Grand Jete


When I was 14, my chores included clearing the table, doing the dishes, laundry, dinner on Tuesdays and cleaning the upstairs bathroom. I earned 35 cents a week. To make up for what I considered not enough pay for hard labor, I babysat. I was fierce. I baked with toddlers and I took the big kids for field trips on the public bus. When the parents got home, everybody was sleeping and the house was clean. I couldn’t be touched. I owned Kenyon street, Oxford, and North Beacon, and worked an average of four nights a week. I spent next to nothing. I liked the feeling of money in the bank.

It made my step father nervous.
We were in direct competition for who was the boss of me.
He didn’t have a regular job and I assume he had no money in the bank. He knew he was losing. I bought my own clothes, my own shoes, shampoo and snacks. I could have bought my own food if I had to. I said nothing about school, and never had a complaint come back from the office. I left the house early and came home late. My mother was tired. She worked.

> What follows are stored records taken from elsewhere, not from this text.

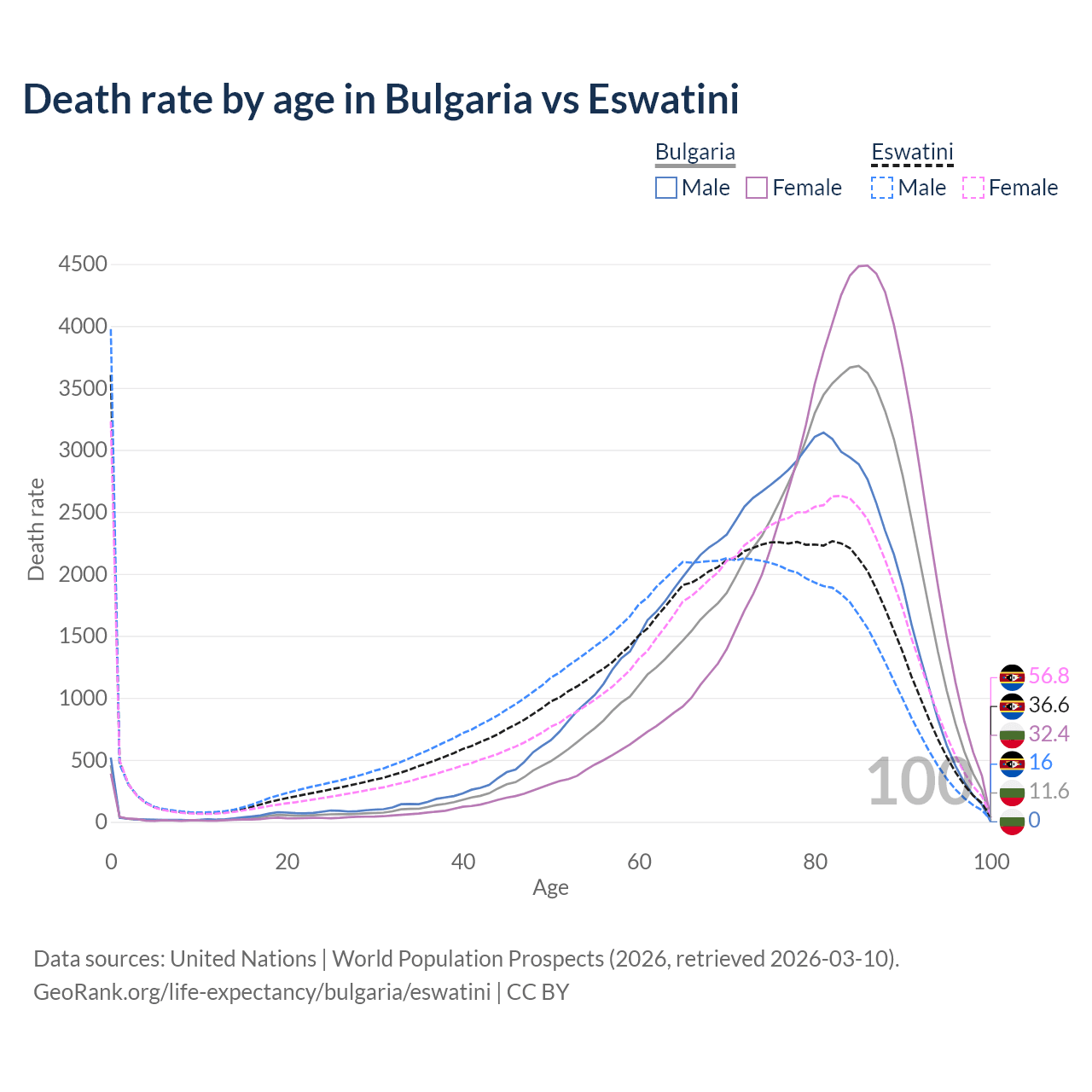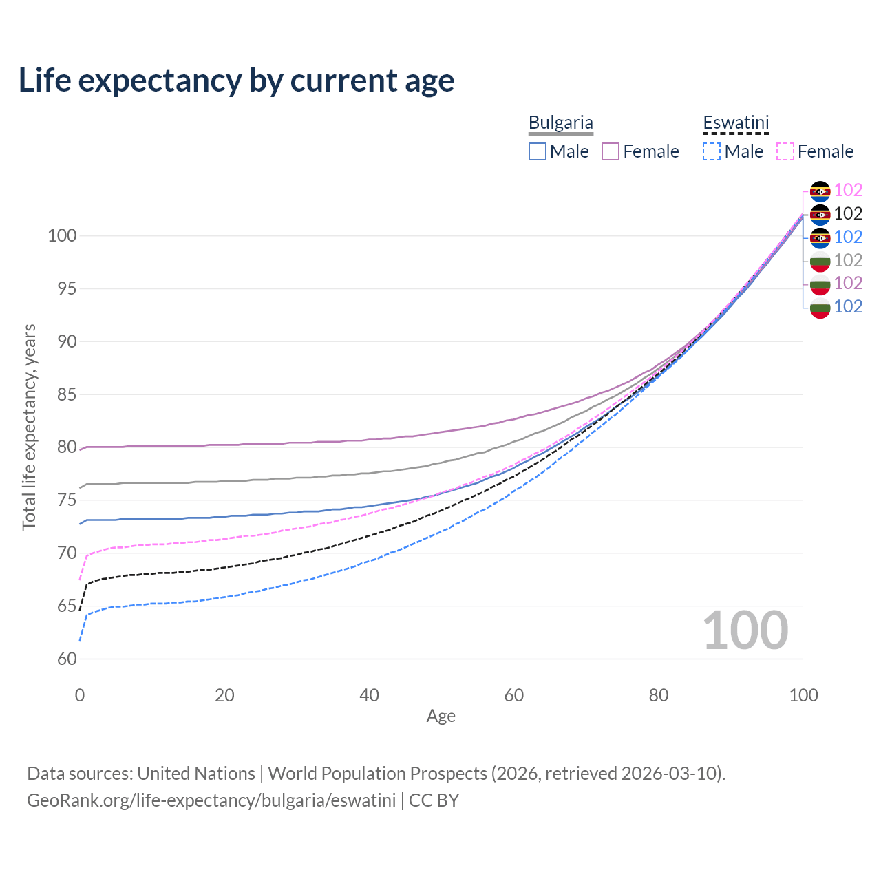 This life expectancy calculator shows the odds of living to 100, 95, 90, and below based on current age for both males and females in Bulgaria and Eswatini, along with mean and median age of death. The calculations are based on the 2026 life tables (actuarial tables) from the UN World Population Prospects.
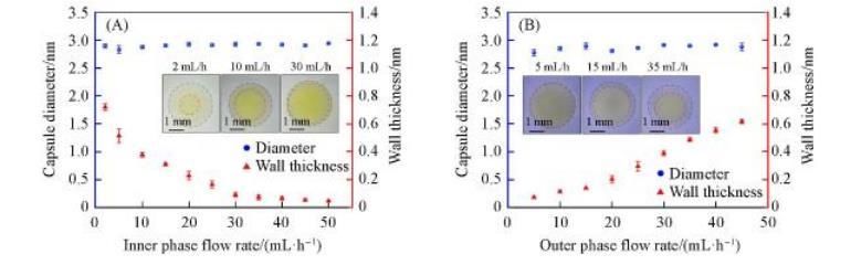 2.3內(nèi)相/外相流速對水/水微囊直徑和壁厚的影響
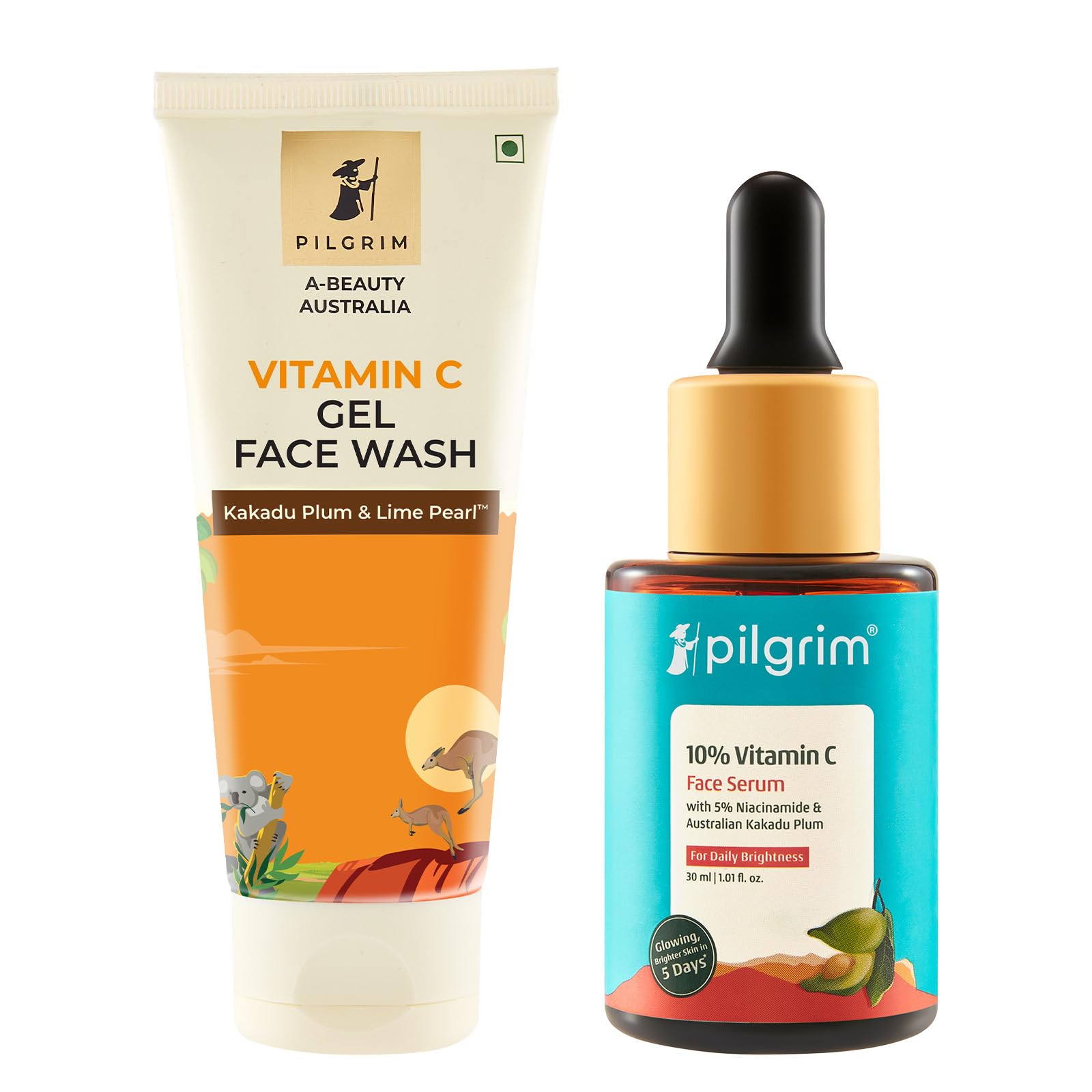 Pilgrim Vitamin C combo: 10% Vitamin C Serum (30ml) & Australian Kakadu Plum Gel Face Wash (100ml) | Glowing skin | Reduces Dark Spots | Evens Skin Tone & Enhances Glow
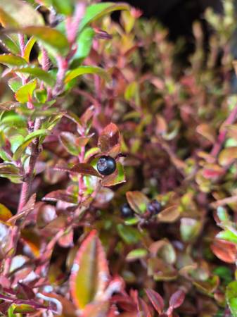 It thrives in acidic, well-draining soil and can grow in sun or shade, though it produces more fruit in sunnier locations. New spring foliage has a reddish hue before maturing to a shiny, dark green, and the plant is also valued for its ornamental qualities.
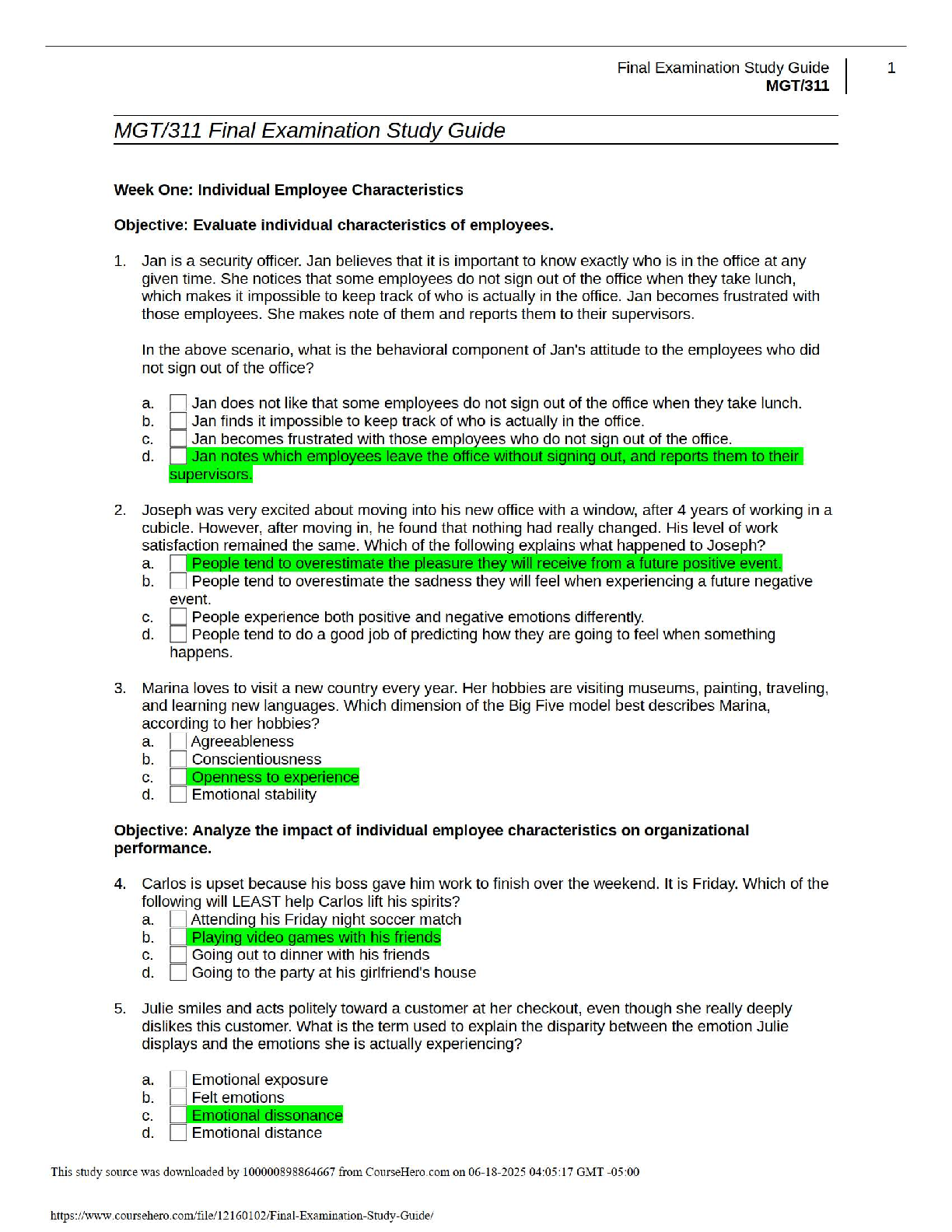 Ace your MGT/311 Organizational Behavior final exam with this comprehensive Test Bank for the 19th Edition by Robbins and Judge. This indispensable study guide provides a complete collection of practice questions and verified answers, covering all essential topics from the course, including individual employee characteristics, attitudes, personality, and emotional dynamics. Designed to mirror the actual final exam format, this resource is your key to mastering complex concepts, avoiding resits, and securing top grades. Download now and confidently prepare to pass on your first attempt!

My total control lasted until my first kiss. It was at Jackie Maurer’s on Halloween night, and it was the best thing that had happened to me since my first grand jete. The feeling of flying through the air in a full split, had been replaced.
I was in a constant shudder of hope that it would happen again, right there in the middle of the day. School didn’t suffer, it just got harder to walk the hallways. Even after I accepted that the one who had kissed me would never look my way again.
Inside me though. Inside was a forest with no floor. I was devastated. I couldn’t understand it. How you could love someone from the truth of who you had never dared to share, and they were unmoved.
When you are 14, you don’t question the love you feel, only the love you don’t receive.

It shook the waters of me that had been previously undisturbed. I could think of nothing else but how undesirable I must be. Not in a sad way. I wasn’t sad about it, I was just trying to face the facts. There was something about me that must not be right.
I went shopping. I took the bus to the suburbs where I thought the answer might be. I poked around with my skinny butt and fat wallet in the Junior Miss section. Typically I bought stripes and solids. Painters pants or kakis. Work clothes from the Army/Navy. But I was on a mission for another kiss. I thought a maxi dress would be too much. I picked out a pair of blue grey thin wale corduroy flares and a peasant blouse sprayed with tiny flowers that oozed pink and satin ribbons. I matched it with my Frye boots and a lavender cream shadow for my eyes. I felt I might turn the world and Jacques Q. upside down.
I had forgotten though, about the in house contest. When I came down the stairs in the morning, I was unprepared for comment from the stands.
My stepfather could feel the weakness. He could feel it without touching, that my skin was thinner. I still have a fear of losing my callouses.

“Well you look like a whore in uniform.”
Coming from a God fearing man that believed in good manners.

I lost being the the boss only for a tsunami of seconds. And then I collected myself.
I stayed silent. I turned my left heel into my right arch and anchored my left hand to the same hip. I looked him straight in the eye and smiled. Then I left.

Every night that I was assigned dinner, I made a slightly underdone, barely warm, potato and cottage cheese casserole. And then I would catch the bus for the late class to grand jete across a solid linoleum floor.